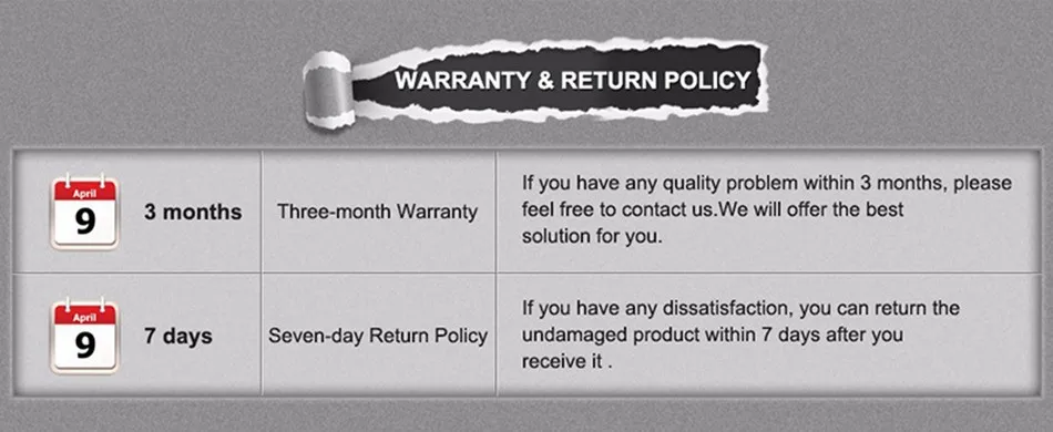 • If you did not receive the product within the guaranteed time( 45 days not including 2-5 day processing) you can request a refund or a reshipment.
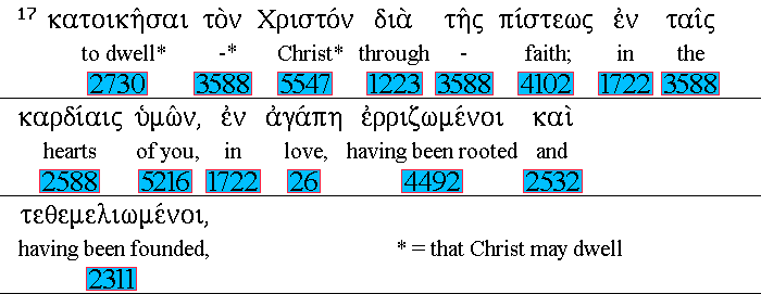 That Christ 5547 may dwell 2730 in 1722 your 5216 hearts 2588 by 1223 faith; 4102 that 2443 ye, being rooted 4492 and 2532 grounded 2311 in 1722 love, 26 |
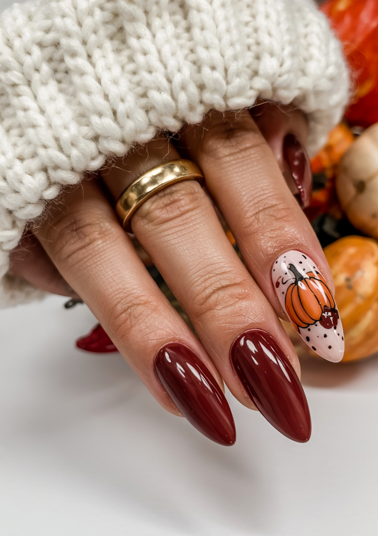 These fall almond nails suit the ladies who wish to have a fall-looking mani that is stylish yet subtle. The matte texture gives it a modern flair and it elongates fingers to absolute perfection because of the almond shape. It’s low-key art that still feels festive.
...
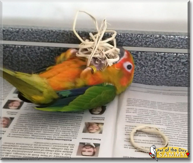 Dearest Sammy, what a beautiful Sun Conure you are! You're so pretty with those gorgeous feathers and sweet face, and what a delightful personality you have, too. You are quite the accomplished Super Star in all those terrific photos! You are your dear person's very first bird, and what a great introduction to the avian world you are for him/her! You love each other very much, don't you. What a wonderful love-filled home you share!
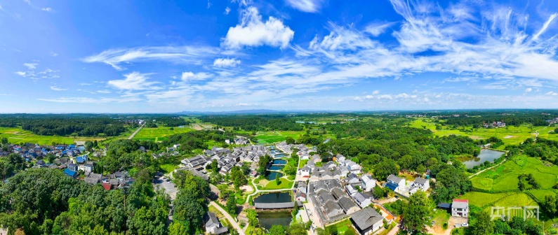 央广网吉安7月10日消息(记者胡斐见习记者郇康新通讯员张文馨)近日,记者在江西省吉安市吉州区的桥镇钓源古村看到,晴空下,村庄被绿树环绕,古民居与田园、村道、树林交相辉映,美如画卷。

EXERCISE BRIEF » Output only the lines above from the one containing "That Christ 5547" to the one containing "These fall almond", both included, exactly as written and with no pictures.

YOUR RESPONSE »
 That Christ 5547 may dwell 2730 in 1722 your 5216 hearts 2588 by 1223 faith; 4102 that 2443 ye, being rooted 4492 and 2532 grounded 2311 in 1722 love, 26 |
 These fall almond nails suit the ladies who wish to have a fall-looking mani that is stylish yet subtle. The matte texture gives it a modern flair and it elongates fingers to absolute perfection because of the almond shape. It’s low-key art that still feels festive.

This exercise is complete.